According to Bureau of Economic analysis the US economy has declined by 1.8 percent in the first quarter. The latest U.S. job report showed a weak economic recovery with just 18,000 jobs created in June, and in the revised World economic outlook, IMF has since adjusted the growth for advanced economies to 2.5 percent from 2.6 percent. Indeed, the earthquake in Japan, the resultant disruption in the supply chain, and uncertainty with the varying pace of the economic recovery in the US economy's progress, are some of the reasons for the low demand for crude oil for the first half of 2011.

However, when US returns to faster growth, the Japanese economy bounces back, and Europe recovers from the debt crisis and thus a global recovery, what do we have in our hands, a supply deficit for oil.

In fact, Goldman predicts that the world economy would accelerate in the second half of the year itself, increasing demand. "Prices and returns will rise further later this year and into 2012," a report from the bank said, predicting that Brent crude would average at $120 in six months and $130 in 2012. An EIA report estimates that the oil demand will surpass production by 1.16 million barrels per day this year.

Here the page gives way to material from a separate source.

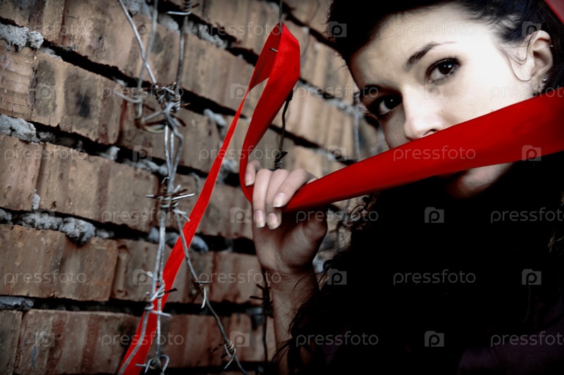 Девушка с красной лентой на открытом воздухе

The reports also suggests that the oil demand around the world to rise by 1.6 million bbl/d in 2012, a gap of 0.5 million barrels per day (only with increased production). The IMF, for its part, in the updated World Economic Outlook (WEO) for 2011, puts the assumed price for oil based on futures market at $105.25 in 2012. Analyst Hussein Allidina, from Morgan Stanley, said "We remain bullish on oil, particularly in the second half, and expect inventory draws will prompt OPEC to increase production, at the expense of spare capacity".

Of course, by 2012, we'll know which of these predictions come true, though wishful thinking hopes that, somehow, we've got it all wrong. Banks are bullish, you know why. But can we sit back, wait and watch as oil prices spiral, because spare capacity was exhausted?

So, really, did the Mayans predict the end of the world in 2012 or did they run out of space on their calendar? More like what Lady Macbeth said, "Almost at odds with morning, which is which." Superstitions and old wives tales aside, if we look at the oil supply/demand numbers, with close to 7 billion people, we are approaching the planet's carrying capacity. With the oil market set to go through a lot of stress in the coming year, 2012 will surely mark a turning point to remember.